Blink an LED in time with the transport¶
Use the framework's own scheduler (Task), never time.sleep (it would freeze Live). Tasks
live on self._tasks in a ControlSurface:
from _Framework.Task import sequence, wait, run
def _start_blink(self, button):
self._blink_button = button
self._blink_on = False
self._blink_task = self._tasks.add(sequence(
run(self._toggle_blink),
wait(0.25), # seconds; 0.25 = 16th notes at 120 BPM
))
self._blink_task.repeat()
def _toggle_blink(self):
self._blink_on = not self._blink_on
self._blink_button.send_value(21 if self._blink_on else 0, force=True)
For true musical sync (follow tempo changes), drive the toggle from
song.add_current_song_time_listener and look at the beat fraction instead of a fixed wait.
Kill the task in disconnect() with self._blink_task.kill().
A proper modes component¶
The boolean-shift trick above is fine for one button.

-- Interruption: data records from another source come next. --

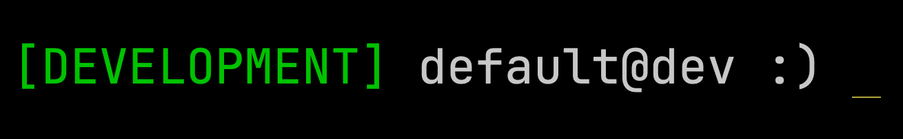 <prompt>\e[32m[DEVELOPMENT]\e[0m {user}@dev</prompt>
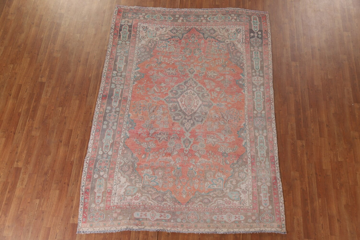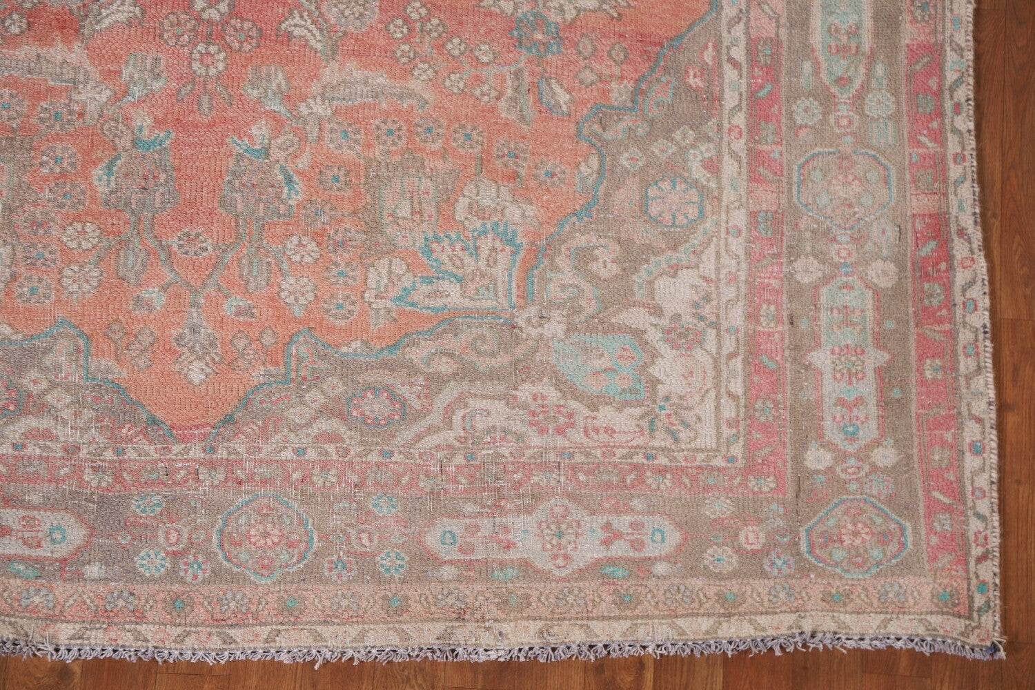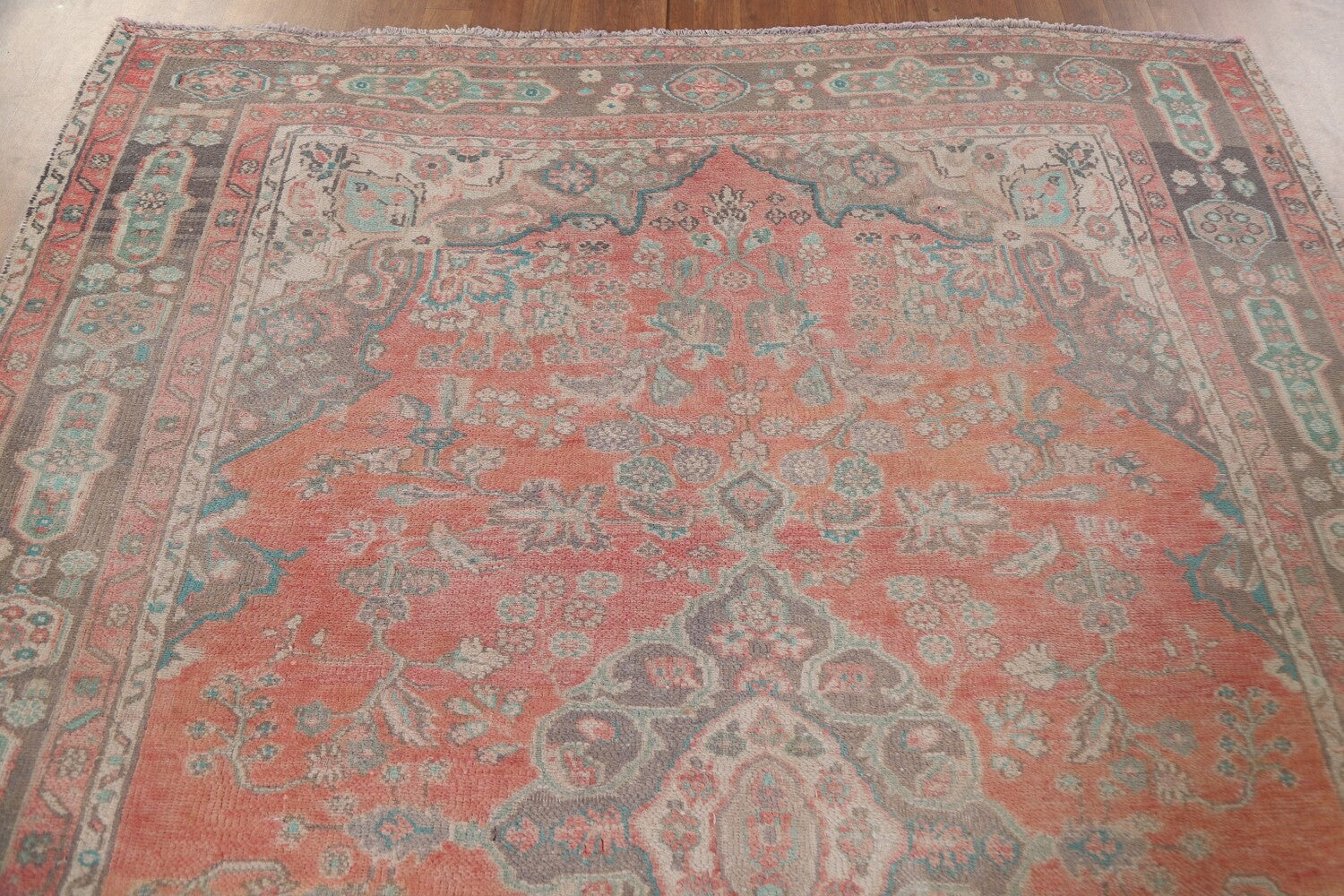 A Beautiful Genuine Persia ( Persia ) Mashad rug is Hand Knotted by skillful weavers in Persia ( Persia ) with 100% Wool Material. This rug is in Very Good (Low Pile-Worn) condition. dimensions are 8' 11'' X 6' 5'' in foot and 272 X 196 in centimeter. the primary color is Coral.
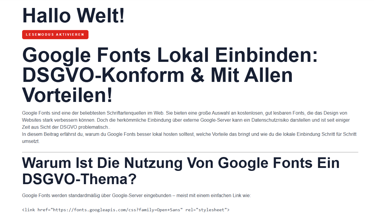 Ein weiterer Vorteil: Reading Mode+ kann ohne technische Kenntnisse aktiviert und genutzt werden. Nach der Installation erscheint automatisch ein Button über jedem Artikel. Mit einem Klick schaltet der Besucher in den Lesemodus – und ebenso schnell wieder zurück. Alles läuft im Frontend, ohne dass du dein Theme anpassen oder Templates bearbeiten musst. Dank moderner Code-Struktur ist das Plugin nicht nur schnell, sondern auch kompatibel mit den gängigen Caching- und SEO-Plugins.
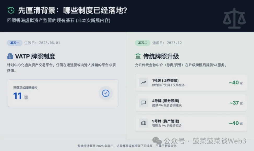 在解读本次文件之前,有必要回顾香港虚拟资产监管的现有框架。以下制度已经生效,并非本次文件的新内容:
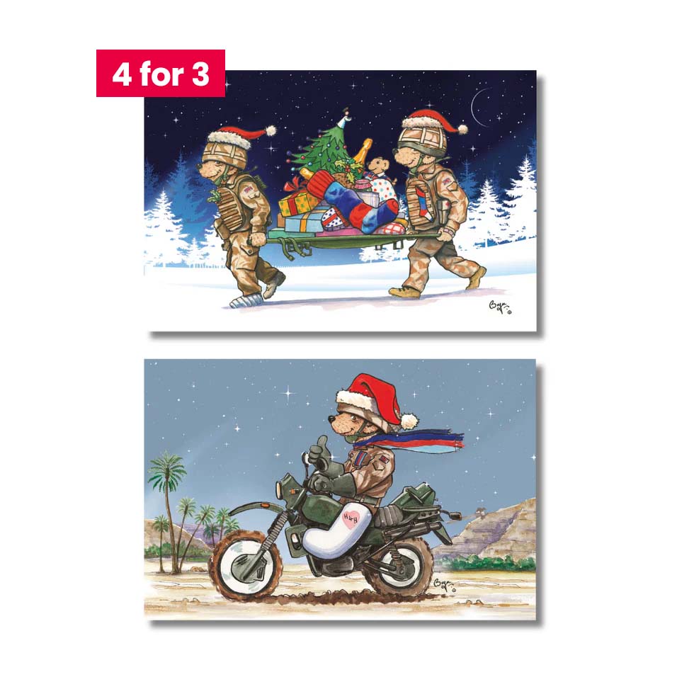 Exclusively designed Christmas cards by artist and co-founder of Help for Heroes, Bryn Parry CBE. This box set includes two fantastic Xmas illustrations of festive military bears.
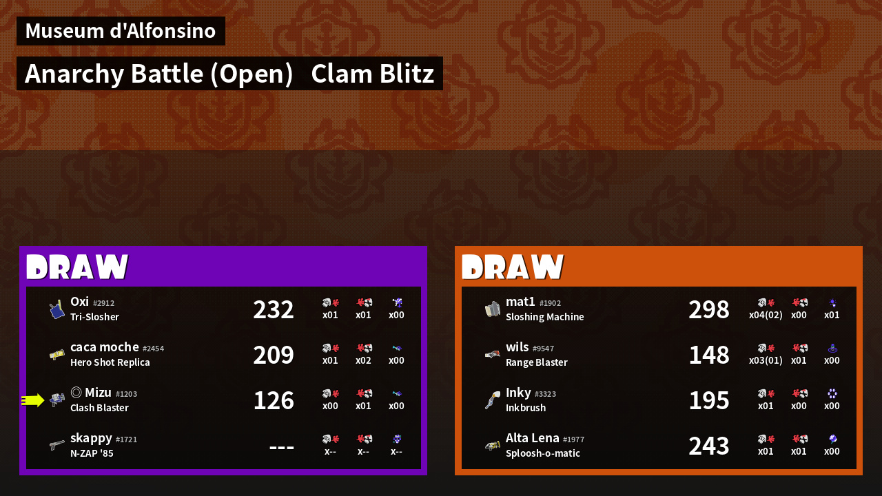 | Mode | Clam Blitz - Anarchy Battle (Open) | ||
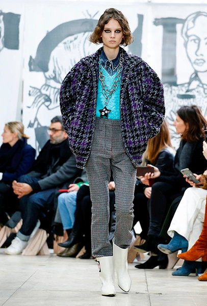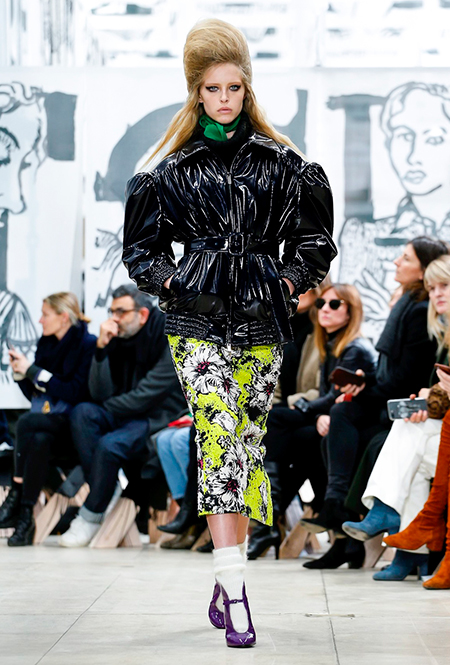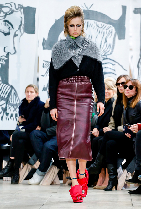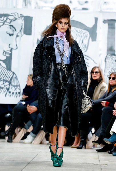 На этот раз ветер перемен занес героиню Miu Miu в 80-е, эпоху, которая не отпускает дизайнеров уже который сезон подряд. И поскольку полумер эта девушка (а если совсем точно, то создавшая ее Миучча Прада) не любит, то из этого десятилетия взяла все самое яркое, броское и бескомпромиссное. Так, чтобы ни у кого уж точно не осталось со мнений: перед вами эра ранних хитов Мадонны и фильма «Назад в будущее». Перечисляем самые яркие и экстравагантные приметы тех лет в интерпретации Миуччи.
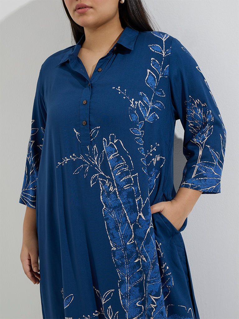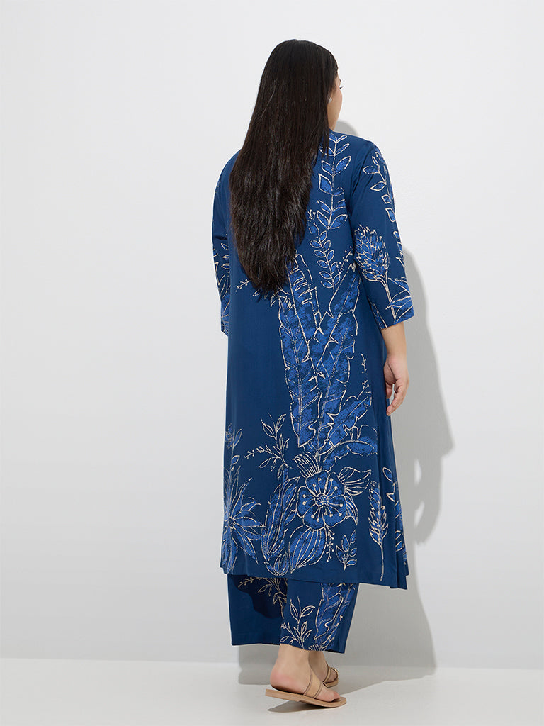 Diza Indigo Botanical Pattern A-Line Kurta
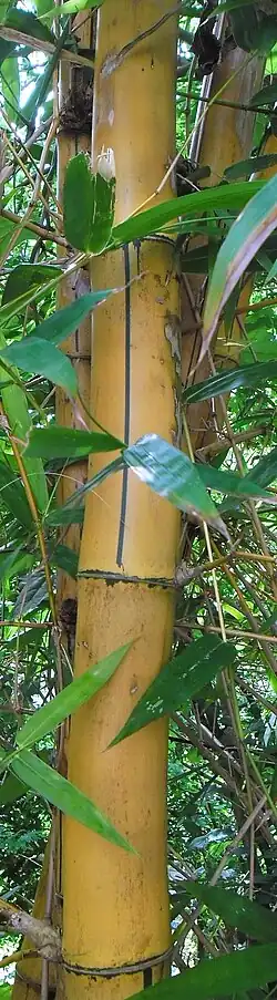 Bambusa vulgaris forms moderately loose clumps and has no thorns.[9] It has lemon-yellow culms (stems) with green stripes and dark green leaves.[10] Stems are not straight, not easy to split, inflexible, thick-walled, and initially strong.[11] The densely tufted culms grow 10–20 m (30–70 ft) high and 4–10 cm (2–4 in) thick.[5][12] Culms are basally straight or flexuose (bent alternately in different directions), drooping at the tips. Culm walls are slightly thick.[13] Nodes are slightly inflated. Internodes are 20–45 cm (7.9–17.7 in). Several branches develop from mid-culm nodes and above. Culm leaves are deciduous with dense pubescence.[9] Leaf blades are narrowly lanceolate.[13]

For real mode switching (each mode
re-binds a whole set of controls) the framework way is ModesComponent: you add named modes,
each made of layers, and tell it which button toggles them.
from _Framework.ModesComponent import ModesComponent, AddLayerMode
from _Framework.Layer import Layer
def _setup_modes(self, session, mixer, mode_button):
modes = ModesComponent(name='Main_Modes')
modes.add_mode('clips', AddLayerMode(session, Layer(clip_launch_buttons=self._pads)))
modes.add_mode('mixer', AddLayerMode(mixer, Layer(volume_controls=self._faders)))
modes.selected_mode = 'clips' # default
modes.set_toggle_button(mode_button) # one button cycles modes
self._main_modes = modes
Each mode owns its layer, so switching mode cleanly disconnects the previous bindings and connects the new ones, no leftover state, no LEDs stuck from the other mode. This is the single biggest step up from hand-wired scripts.
v3 note: modes are declared in the specification /
create_mappings, with the same mental model (named modes, each binding a set of controls). See v2 vs v3.